Many fossil radiolarian species have robust skeletons that preserve well in the sediments and distinct morphologies that are easily recognized under the microscope. Some of these also have a rapid evolutionary record and a widespread distribution making them excellent index fossils (biostratigraphic markers). They are therefore extensively used to date and correlate sediments and rocks in the Integrated Ocean Drilling Program and the petroleum industry. Fossil radiolarian assemblages are frequently used to reconstruct ocean temperatures throughout the Quaternary (Pisias et al. 1997; Dolven et al. 2002). These paleoclimatic reconstructions are based on the assumption that the living assemblages are modern analogs to the fossil ones, and that their current correlation with temperature or other environmental parameters has been consistent through time. Moreover, radiolarians have been used to prove plate tectonics and the formation of the Himalayas due to their presence in uplifted marine rocks now located at more than 5500 m above sea level.

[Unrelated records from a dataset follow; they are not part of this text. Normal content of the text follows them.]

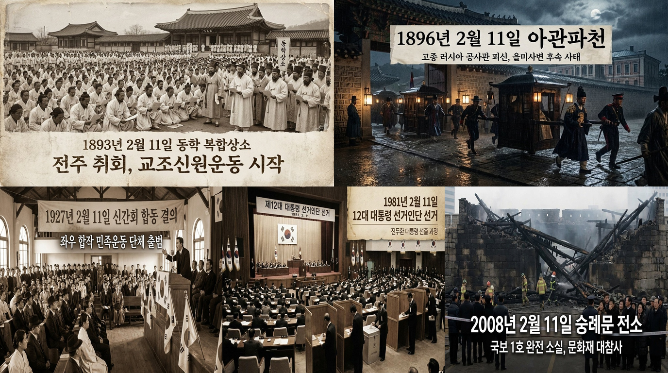 달력의 하루는 스쳐 지나가지만, 2월 11일 한국사에는 권력의 이동과 민중의 요구, 외세를 둘러싼 외교전, 좌우 연대의 실험, 권위주의적 제도 운영, 그리고 문화유산 보호의 경고가 한꺼번에 겹쳐 있습니다. 이 글은 서로 다른 시대의 사건 5건을 한 흐름으로 엮어, 왜 그 선택이 필요했고 무엇이 남았는지까지 정리합니다. 끝부분에는 추가로 확인할 사료 포인트도 제시합니다.
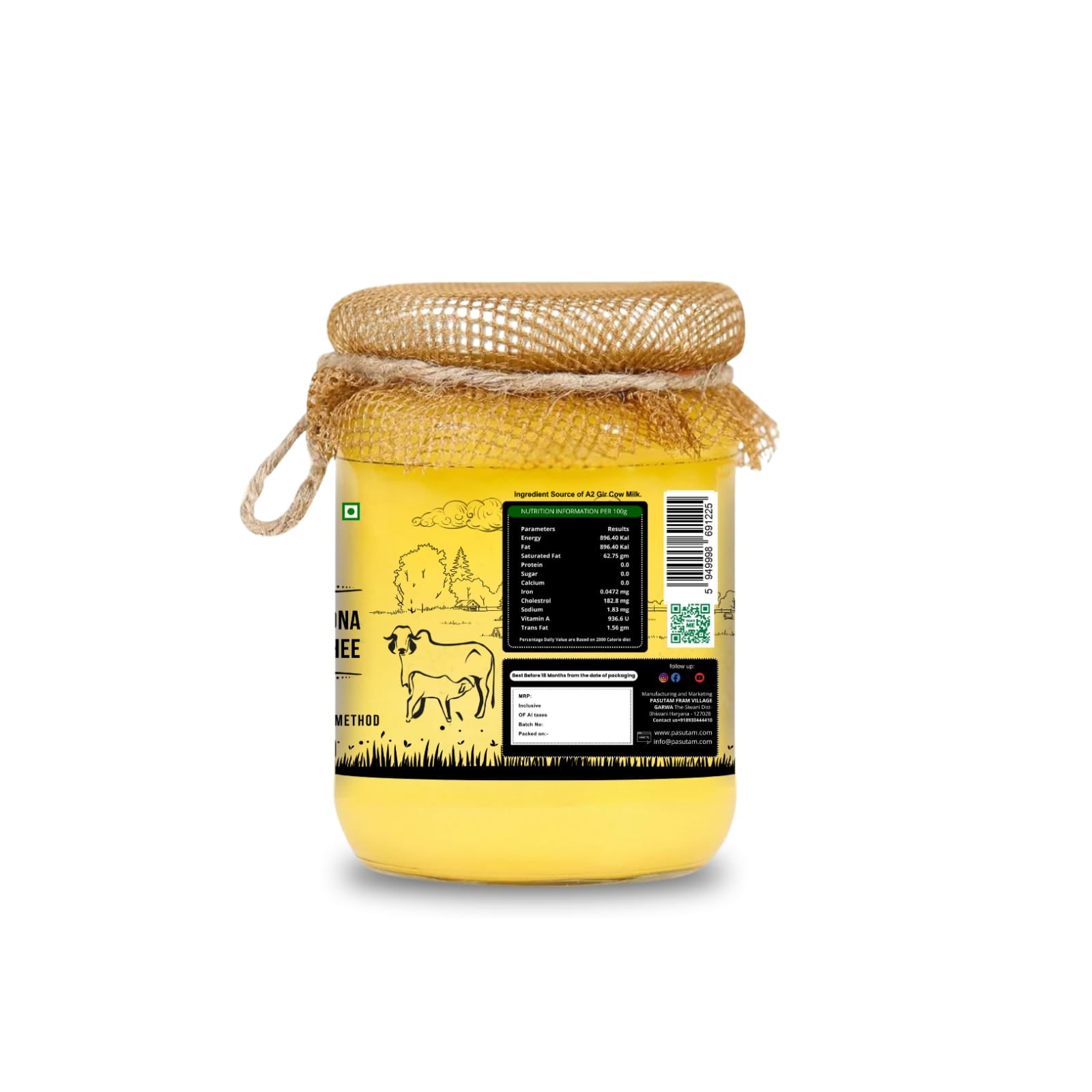 Pure A2 Gir Cow Milk: Sourced from indigenous desi cows that are free-grazed on organic pastures, the milk used for our ghee is rich in A2 beta-casein protein. This type of protein is known for being easier to digest and healthier, making our ghee a perfect choice for those seeking a wholesome diet.
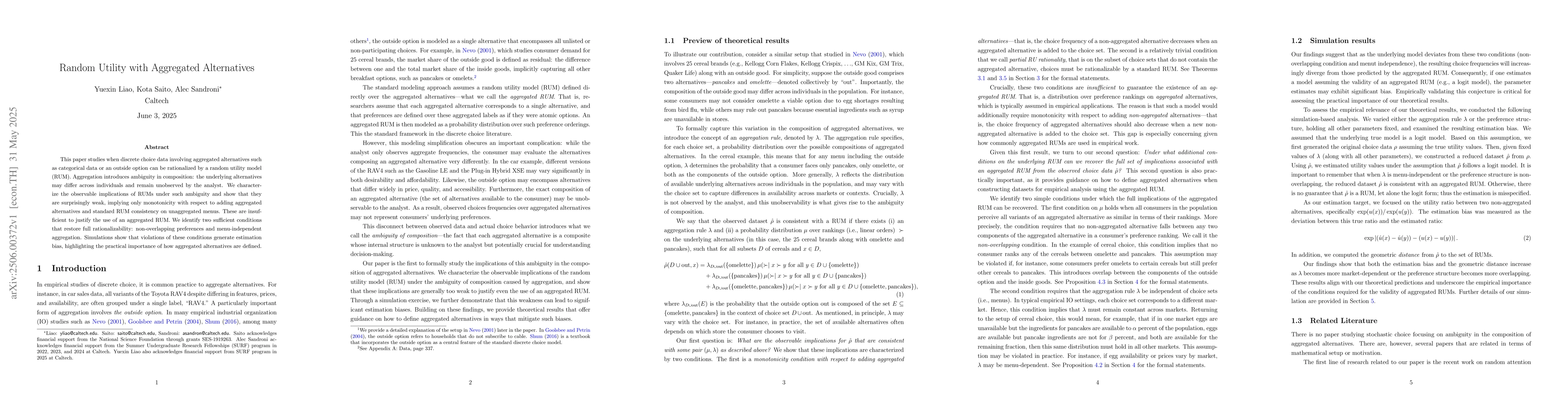 The paper characterizes observable implications of Random Utility Models (RUMs) under ambiguity introduced by aggregated alternatives, using theoretical analysis and simulations.
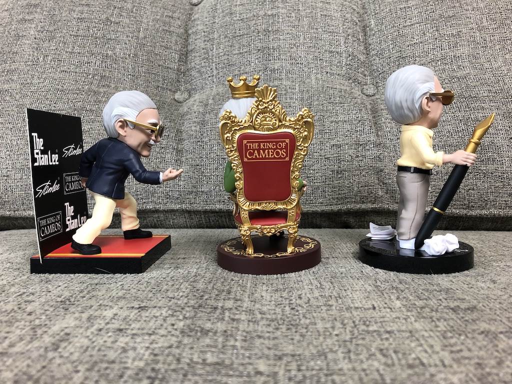 From left to right in the packaging are “The Red Carpet," “The King of Cameos" and “The Creator." Each is mounted to a shaped base that’s perfect for display in or out (gasp) of the box. “The Red Carpet" has Stan dressed in a white button down, black blazer and khakis. He’s standing in front of a stand-and-repeat that reads “The Stan Lee" (stylized like The Godfather), his signature and “The King Of Cameos." He poses with his right hand in a Spider-Man “thwip" position as if he’s about to sling a web.
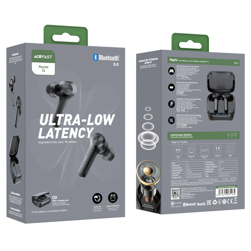 Tai nghe True Wireless ACEFAST - T4 chất lượng âm thanh vượt trội, độ trễ thấp. - Độ trễ cực thấp 65ms - Đồng bộ video và âm thanh nhanh hơn 3 lần - Cổng
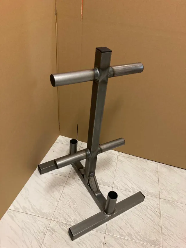 - Soporte de acero compatible con los discos Olimpicos Bumper
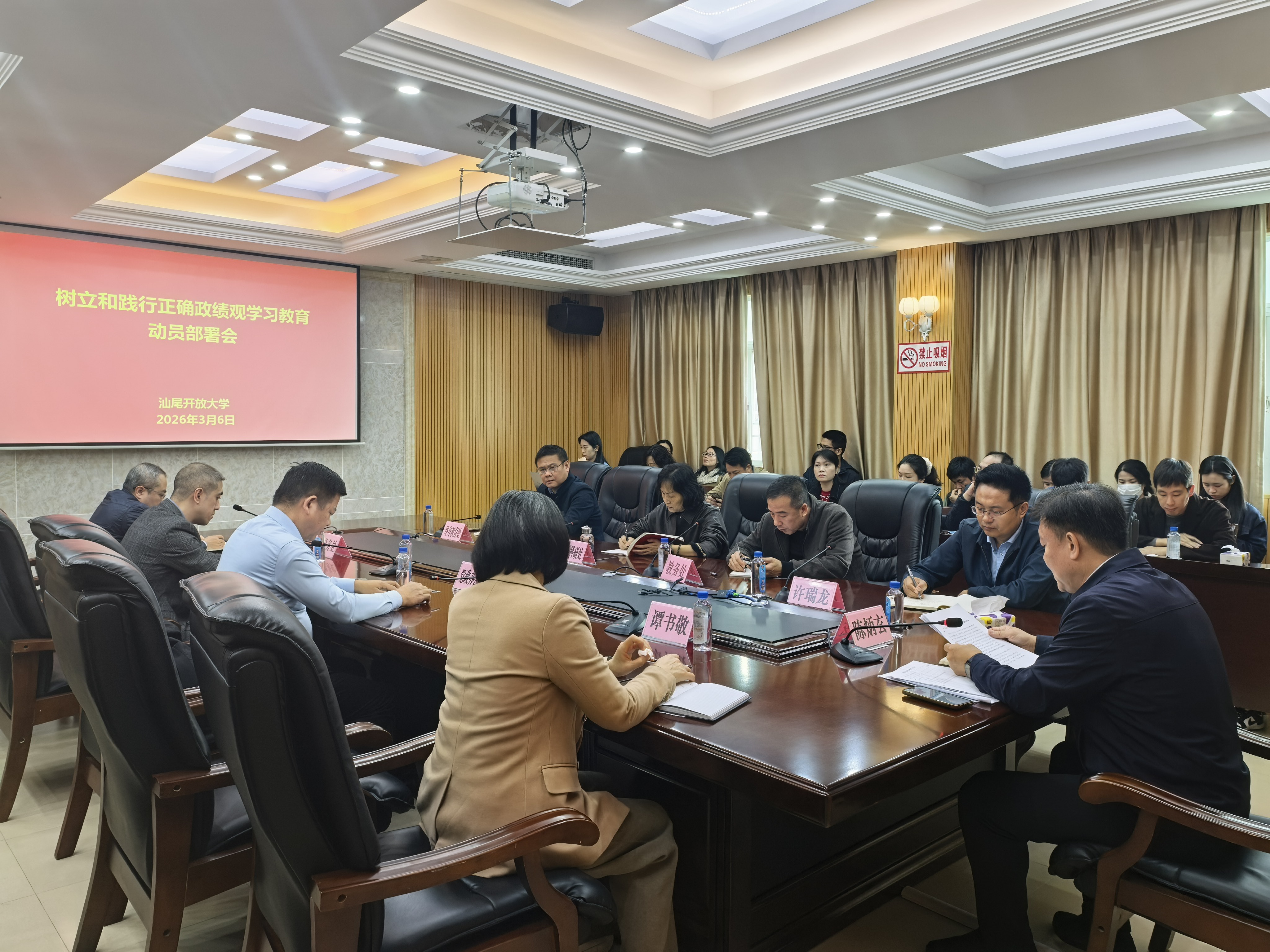 3月6日上午,汕尾开放大学召开树立和践行正确政绩观学习教育动员部署会,深入学习贯彻习近平总书记关于树立和践行正确政绩观的重要论述精神,传达学习中央办公厅《关于在全党开展树立和践行正确政绩观学习教育的通知》和中央党的建设工作领导小组会议以及省委、市委相关会议精神,动员部署学校学习教育有关工作。校党委书记、校长陈炳玄主持会议并讲话,全体教职员工出席会议。

So, who are these interesting and useful small creatures?
Radiolarians are marine planktonic unicellular eukaryotes. They are present in all oceans at all depths. Most species occur solitarily, ranging in size between 30 and 300 µm, although some colonial species are also known. The latter consist of numerous individuals enclosed in a gelatinous matrix and may reach up to a couple of meters in length (Anderson 1983).
Fig. 1. The test of Hexacontium pachydermum Jørgensen 1900. © Jane K. Dolven
Although it is the possession of a central capsulea that traditionally has been used to distinguish radiolarians from other protists, they are perhaps more commonly known for their siliceous skeleton (test). This test, which is present in most species, can be found in a large variety of shapes, from simple spicules to extremely intricate architectural features – more complex than what is found in any other protist organism.
Based on similarities and differences in skeletal elements and structures (e.g. shell geometry, number of segments or concentric shells, presence and number of spines, etc.) several thousand species (ca. 8000 according to De Wever et al. 2001) have been described, including both fossil and living forms, and new species are discovered every year. Of these, about 500 morphospecies live and thrive in the oceans today. However, the DNA sequencing of marine samples indicates a larger diversity (Not et al. 2007).
Radiolarians have been an important marine plankton group since the early Phanerozoic (about 500 million years before present), and are still a significant component of the pelagic environment today. As with most planktonic organisms, their diversity and abundance in a geographical region is related to variables such as temperature, salinity, productivity, and availability of nutrients. Highest abundance and diversity of radiolarians is found in the tropical and subtropical regions, especially in water masses rich in nutrients (e.g. upwelling areas). They are also usually more abundant in the upper 100 m than below, possibly due to their frequent association with symbiotic algae.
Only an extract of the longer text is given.